Братья были так взволнованы тем, что приходится говорить при свидетелях, что почти не находили слов. Великий князь, весь в слезах, сказал мне, что не рассмотрел даже как следует лица Царя”. Сам император Николай II был также растроган этим свиданием, о чем свидетельствует запись в его дневнике:

“Неожиданно приехал Керенский и объявил, что Миша скоро явится. Действительно, около 10 ч. милый Миша вошел в сопровождении Керенского и караульного начальника. Очень приятно было встретиться, но разговаривать при посторонних было неудобно”.

Бурные события не обходили Михаила Романова стороной. Так случилось и в дни корниловского мятежа. Роковую роль в судьбе ряда Великих князей сыграли попытки монархических кругов связаться с высланным в Тобольск Николаем II.

Дело фрейлины Маргариты Хитрово, так до конца и не выясненное, но якобы свидетельствующее о контрреволюционном заговоре, подтолкнуло Временное правительство к принятию постановления об аресте Великого князя Михаила Александровича и его супруги графини Н. С. Брасовой, а также великого князя Павла Александровича, его жены княгини О. В. Палей и их сына князя Владимира Палея. В газетах подробно описывались, аресты, произведенные 21 августа 1917 года:

“В седьмом часу вечера из Петрограда был отправлен в Гатчину и Царское Село наряд воинских частей в составе одной роты. Вслед за тем выехал в Гатчину министр, председатель А. Ф. Керенский в сопровождении помощника главнокомандующего войсками Петроградского военного округа Козьмина и адъютанта.
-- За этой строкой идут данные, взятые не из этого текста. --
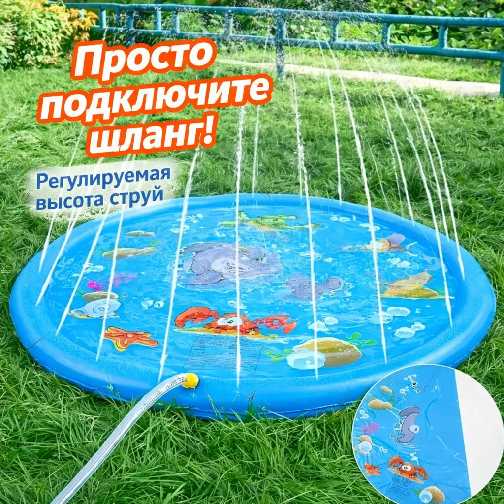 Надувной коврик-фонтан — идеальное развлечение для жарких летних дней! Диаметр 100 см, яркий дизайн с милыми морскими обитателями. Просто подключите к садовому шлангу — и фонтан начнёт брызгать весёлыми струйками! Ребёнок будет с удовольствием бегать, прыгать и ловить прохладные брызги. Создайте настоящую мини-аквапарк прямо на газоне или во дворе!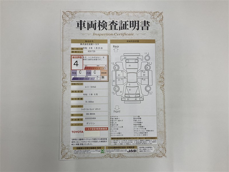 詳細及び現状の車両状態につきましては、店舗スタッフまでお尋ねください。 - 注2)上記と同様の評価点・状態表を「車両検査証明書」として店舗の展示車両に搭載しております。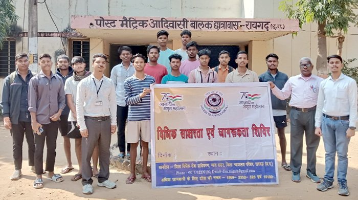 रायगढ़। राष्ट्रीय विधिक सेवा प्राधिकरण एवं राज्य विधिक सेवा प्राधिकरण के निर्देशन में राष्ट्रीय शिक्षा दिवस के अवसर पर प्रधान जिला न्यायाधीश एवं अध्यक्ष श्री जितेन्द्र कुमार जैन के मार्गदर्शन तथा जिला विधिक सेवा प्राधिकरण रायगढ़ न्यायाधीश एवं सचिव श्रीमती अंकिता मुदलियार के नेतृत्व में 11 नवंबर को पोस्ट मैट्रिक आदिवासी बालक छात्रावास रायगढ़ में विधिक साक्षरता एवं जागरूकता शिविर का आयोजन किया गया।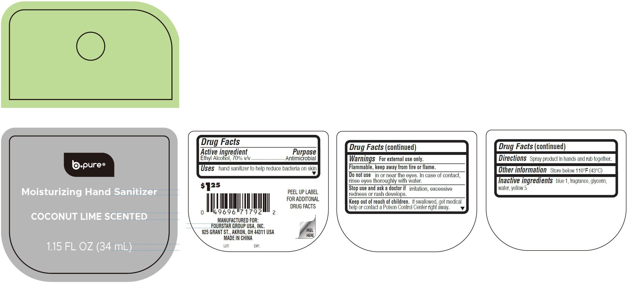 The following image provide visual information about the product associated with B Pure Moisturizing Hand Sanitizer Coconut Lime Scented NDC 80684-126 by Fourstar Group Usa, Inc, such as packaging, labeling, and the appearance of the drug itself. This resource could be helpful for medical professionals, pharmacists, and patients seeking to verify medication information and ensure they have the correct product.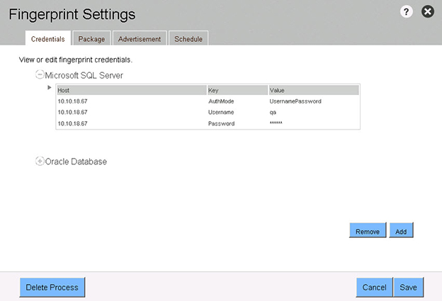 Process settings for a Fingerprints process were organized under Credentials, Package, Advertisement, and Schedule tabs.

По приезде на место А. Ф. Керенский проследовал на дачу, занимаемую Михаилом Александровичем, и в тот же момент дача была окружена войсками. А. Ф. Керенский лично объявил Михаилу Александровичу о мотивах, побуждающих Временное правительство применить по отношению, как к самому великому Князю, так и к его супруге, домашний арест. Михаил Александрович выразил некоторое удивление по поводу изложенных соображений, но вместе с тем указал, что он, конечно, готов подчиниться постановлению Временного правительства. (…) В ту же ночь, как передают, были произведены аресты некоторых других Великих князей (…)”.

Однако, как выяснилось позднее, предположение о монархическом заговоре оказалось несостоятельным. Дело было прекращено.
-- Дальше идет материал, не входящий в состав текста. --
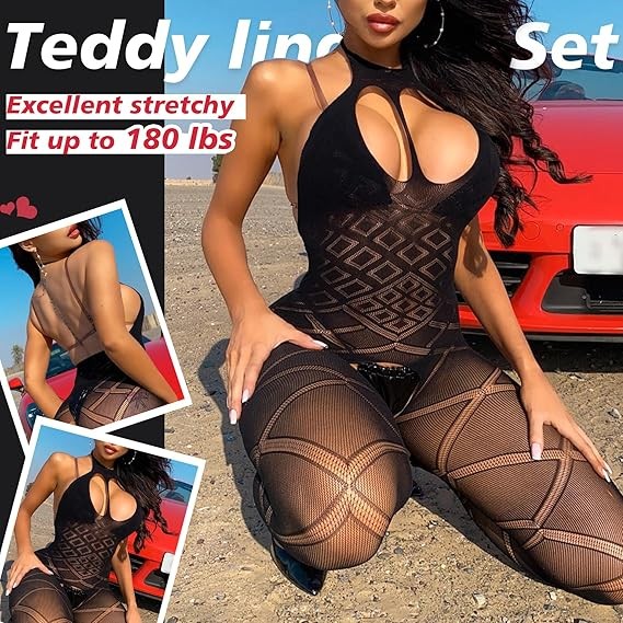 Sexy Lingerie for Women Naughty Fishnet Lingerie Set Bodysuit Outfits Teddy Sheer Mesh Erotic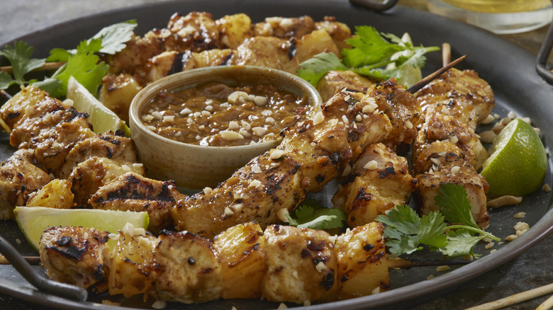Much like peanut sauce pairs well with foods like dumplings and noodles, almond sauce can be just as delicious. You might want to try this alternative due to allergies or a preference for almonds, but either way, you'll love the result. Almond butter offers a slightly milder flavor profile that pairs well with similar ingredients. Try a simple grilled chicken satay recipe, swapping the standard peanut side sauce for an almond butter base. Add chili, fish sauce, maple syrup, soy sauce, garlic, ginger, and lime juice for a zesty sauce to enhance the grilled chicken.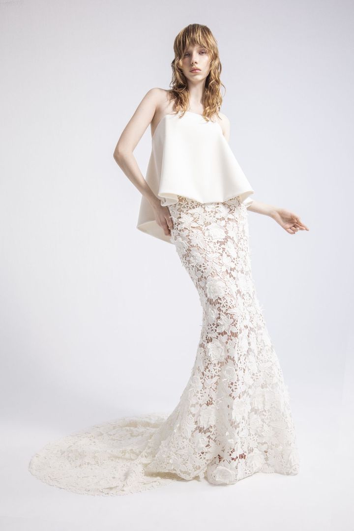 上半身はシンプルなベアトップスタイル、スカートにはクラフト感のあるレースを使用し、ドレスに新鮮な表情を演出。エレガントにも、モードにも着こなせそう! ドレス レンタル料¥407,000(ミラー ミラー 丸の内 tel.03-5220-0291)
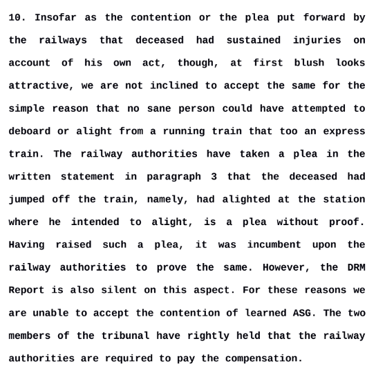 The case involved Shravan Kumar Gupta, who died after suffering injuries in a railway accident in May 2013. His parents sought compensation, stating that he had a valid ticket for travel from Satna to Maihar. The Railways argued that he had mistakenly boarded the Godan Express, which did not stop at Maihar, and must have jumped from the moving train. However, the Court noted that there was no evidence to support this claim.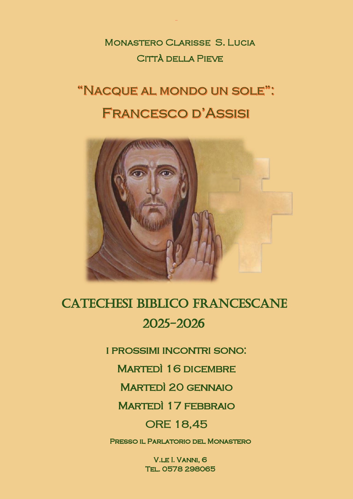 Al parlatorio del Monastero delle Clarisse di Santa Lucia (v.le Vanni, 6 – Città della Pieve), da martedì 14 ottobre alle 18.45, è iniziato il ciclo di catechesi biblico-francescane dal titolo “Nacque al mondo un sole”.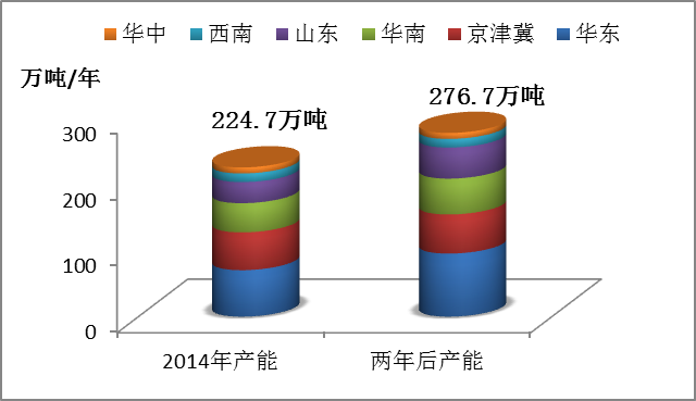 图1 2014-2016年丙烯酸乳液扩能数据统计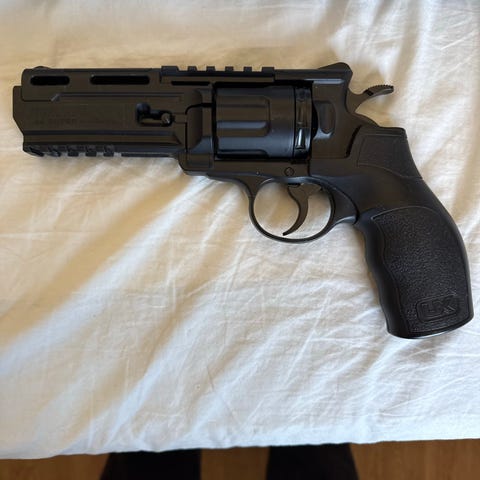 Jag säljer CO2 revolver vet inte mycket om den 4,5 mm rond kulor ingår alt som visar på bild pris 1000kr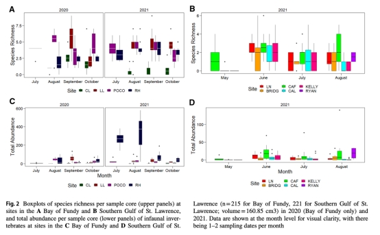物種豐富度與豐度(圖2):圣勞倫斯灣站點豐富度顯著低于芬迪灣(p<0.001)。意義:揭示區(qū)域環(huán)境差異對生物多樣性的塑造作用。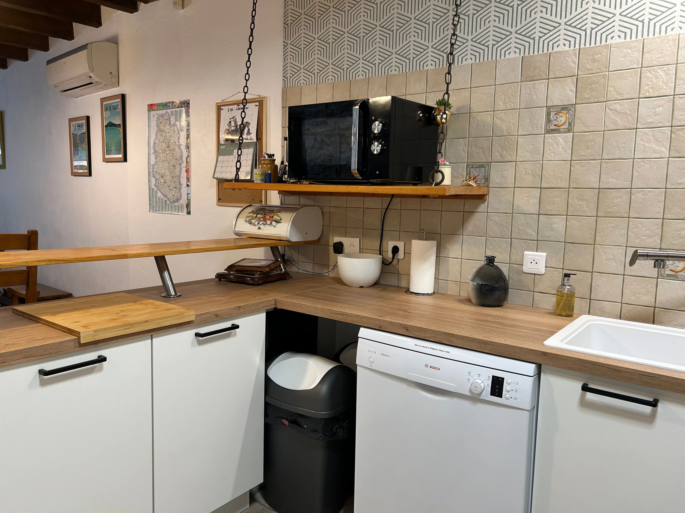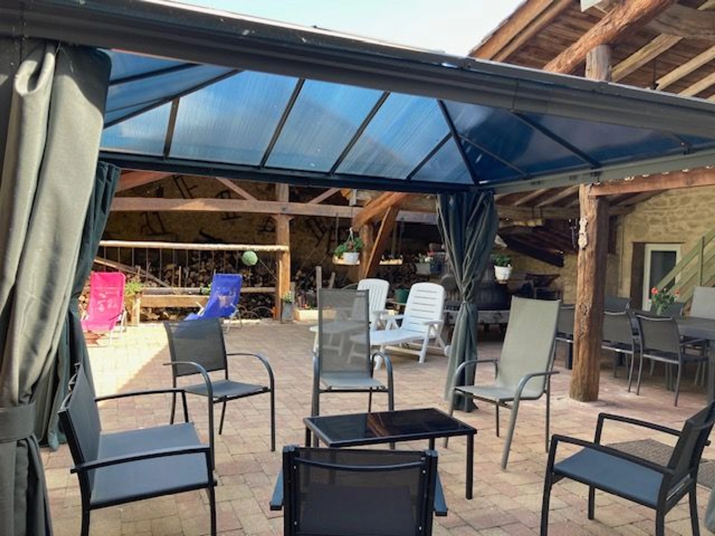 Die Inneneinrichtung harmoniert perfekt mit der Architektur. Flämischer Stil, freiliegende Balken und Mauerwerk, ein Kamin, ein Steinwaschbecken, eine authentische Weinpresse, ein Brotbackofen und ein Klavier: All diese Elemente tragen zum authentischen Charakter dieses Ortes bei. Es ist der ideale Ort zum Entspannen und für gesellige Stunden mit Familie und Freunden. Dominique und Pascal heißen Sie herzlich willkommen.

После Октябрьского переворота Петроградский ВРК 13 ноября 1917 года рассмотрел вопрос об аресте и переводе Михаила Александровича из Петрограда в Гатчину или Финляндию. В протоколе было записано:

“Комиссар Гатчины Рошаль удостоверил, что Гатчина и линия железной дороги всецело в наших руках. Постановили: Военно- революционный комитет возражений против перевода его под домашний арест в Гатчину [не имеет]”.

Известно, что в ноябре 1917 года Михаил Александрович добровольно еще раз явился в Смольный и обратился к управляющему делами Совнаркома В. Д. Бонч-Бруевичу с просьбой каким-либо образом узаконить его положение в Советской России, чтобы заранее исключить возможные недоразумения. Бонч-Бруевич на официальном бланке оформил разрешение о “свободном проживании” Михаила Романова как рядового гражданина республики.

В конце 1917 года состоялась беседа В. И. Ленина с зам. наркома Госконтроля Э. Э. Эссеном, который сообщил о просьбе, поданной в Совнарком бывшим Великим князем Михаилом Романовым о перемене его фамилии на фамилию его жены – Брасов, чтобы перейти на положение гражданина Российской Советской Республики. Ленин ответил, что этим он заниматься не будет.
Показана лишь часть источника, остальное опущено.